• [PROMPT]
Starting at the line that contains "China extrae arena", copy every line through the end of the records below exactly as written, leaving out pictures.

• [THE RECORDS]
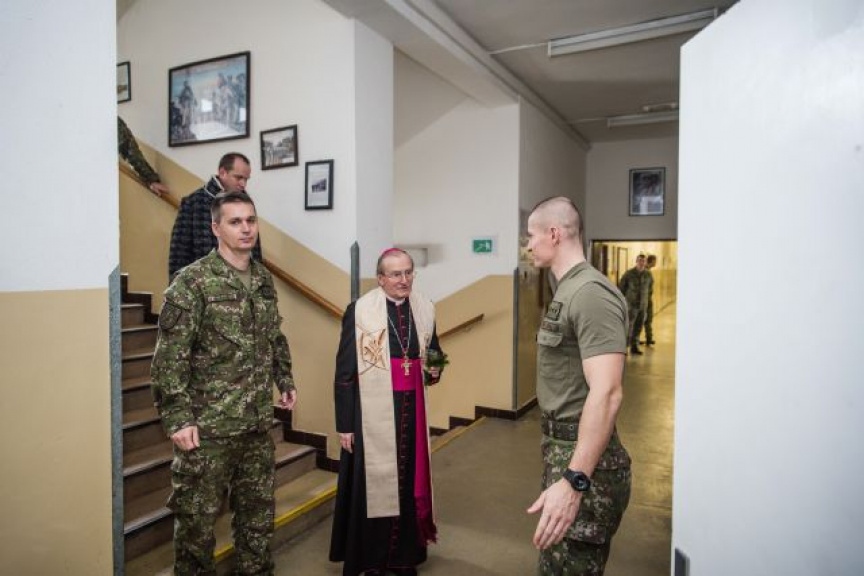 Vojenského biskupa spolu so sprievodom privítal na pôde útvaru veliteľ čestnej stráže plukovník Branislav Vavrinec spolu so svojim zástupcom podplukovníkom Jánom Krajčovičom.
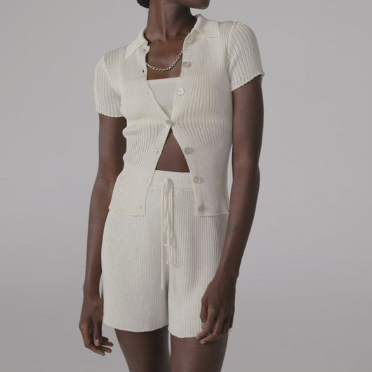 Calle Del Mar's best-selling short sleeve ribbed cardigan is an endlessly versatile piece that you’ll reach for time and time again. Known by our customers as the “ideal first date top", its cool and easy silhouette features a slim, slinky fit, a classic pointed collar & iridescent shell buttons. Wear it slightly undone with a glimpse of skin.
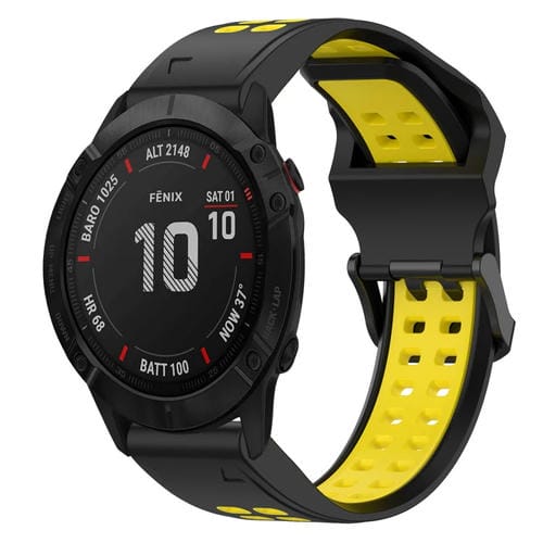 Correa de Silicona para Garmin Fenix 6X Pro 26mm con Hebilla Inversa Dos Colores (Negro + Amarillo)
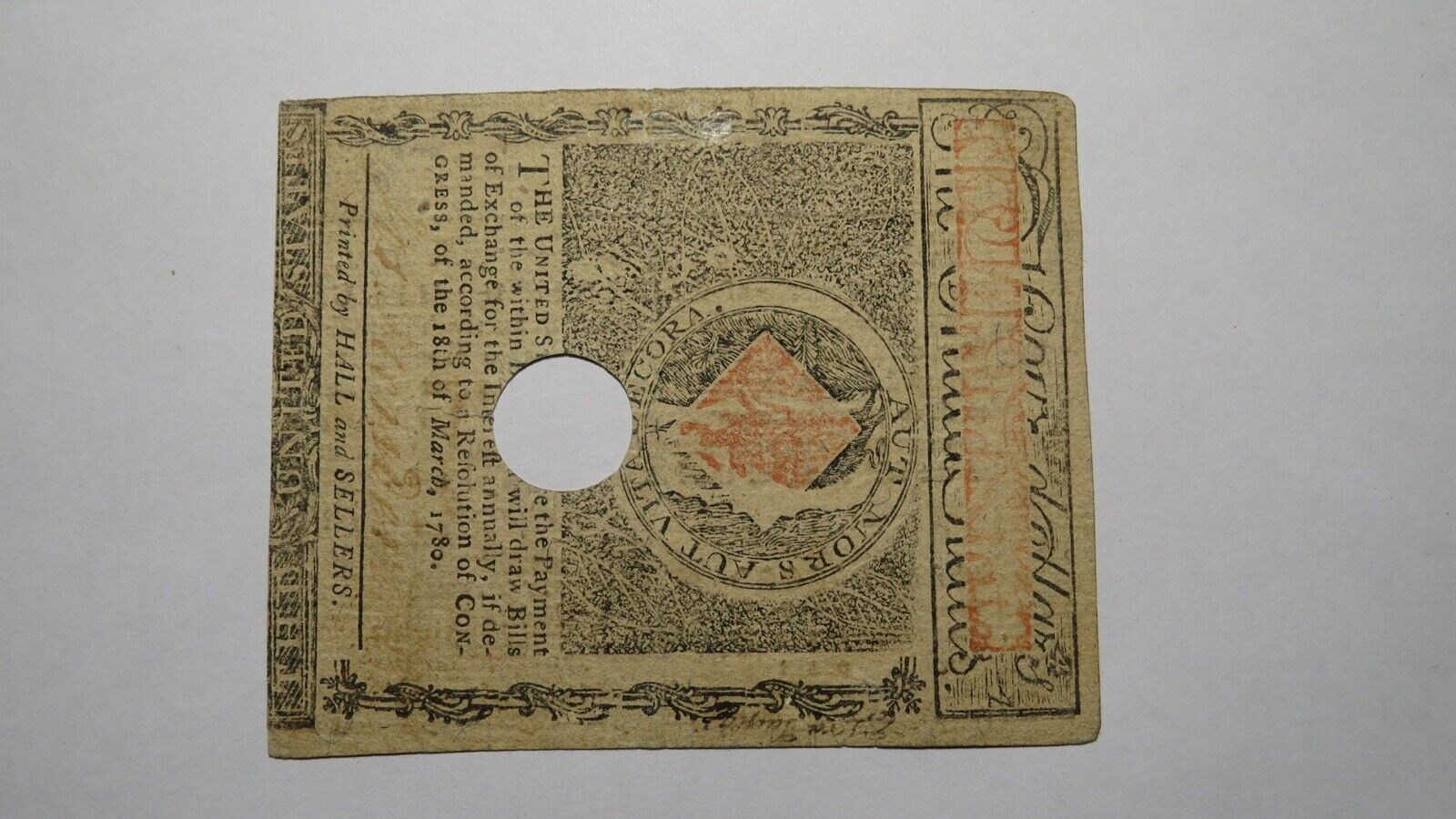 Up for auction is a 1780 $4 Massachusetts Bay Colonial Currency Note. This note is dated May 5, 1780. This note has been hole cancelled. This is a great looking Massachusetts note that is just an all around scarce issue. This bill is a must have for any collector of Colonial Currency!
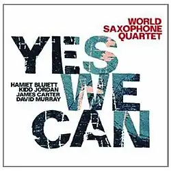 Yes We Can is a live album by the jazz group the World Saxophone Quartet. It features Hamiet Bluiett on baritone saxophone, James Carter on soprano and tenor saxophones, Kidd Jordan on alto saxophone, and David Murray on tenor saxophone and bass clarinet. The album was recorded on March 28, 2009, at Kino Babylon in Berlin, and was released in 2010 by Jazzwerkstatt.[1]
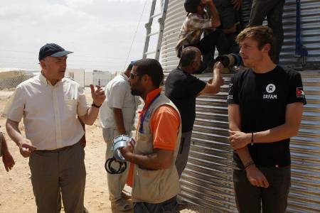FILE PHOTO: Justin Forsyth, Chief Executive of Save the Children UK, talks to internally displaced Somalis at a camp in Hodan district of Somalia's capital Mogadishu, November 21, 2012. REUTERS/Feisal Omar/File Photo
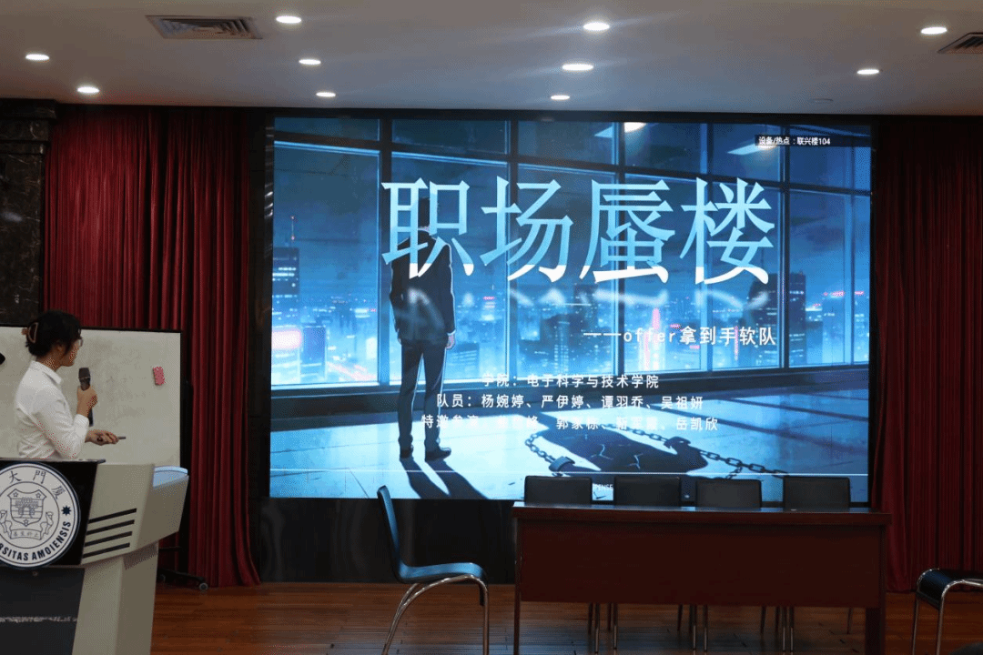 下午14时,厦门大学第四届沉浸式互动剧本创作大赛职业生涯赛道复赛接续举行。参赛队伍聚焦职场成长与生涯规划,带来多样职业人生。《十字路口·昨日之海》探讨大学生在高压下的自我接纳;《巅峰营的救赎》直面职场初心与利益纠葛;《清醒计划》描绘未来职场中的清醒抉择;《深蓝之烬》围绕科研诚信与资本博弈展开。《消失的“它”——职业十字路》《动如参商》《闻香识途》《破茧实习生》《衡镜律所:星瀚泄密案》《天海》《第七个返乡人》《黑马计划》《令人心痛的offer》《职场蜃楼》《理想主义者之环:职场突围》《职场风云:黎明后的星图》《从笔墨到国风帝国》等作品轮番登场,直面内卷、底线、梦想与现实,展现出新青年们对职业世界的深刻思考。
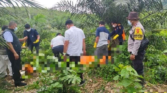 Selanjutnya saksi langsung melaporkan perihal penemuan mayat tersebut kepada Ripal (25) anak korban, yang sebelumnya telah melaporkan bahwa orang tuanya sejak hari Sabtu (27/09/2025) tidak pulang-pulang pada saat pamitan mencari brondolan sawit.
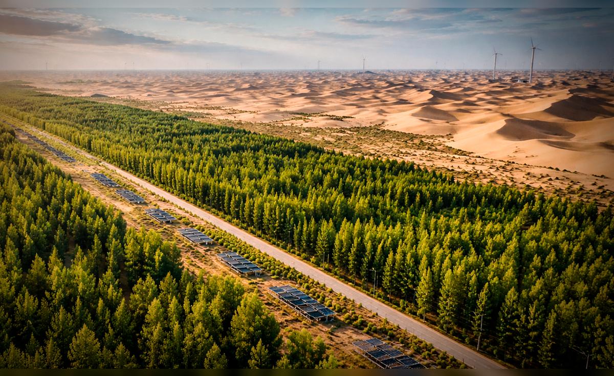 China extrae arena del desierto para crear un bosque y paneles solares: estaría listo en 2050
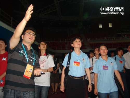 座談會后,幾位代表在北京理工大學奧運場館內部參觀。(攝影:鐘寶華) |

• [EXERCISE OUTPUT]
 China extrae arena del desierto para crear un bosque y paneles solares: estaría listo en 2050
 座談會后,幾位代表在北京理工大學奧運場館內部參觀。(攝影:鐘寶華) |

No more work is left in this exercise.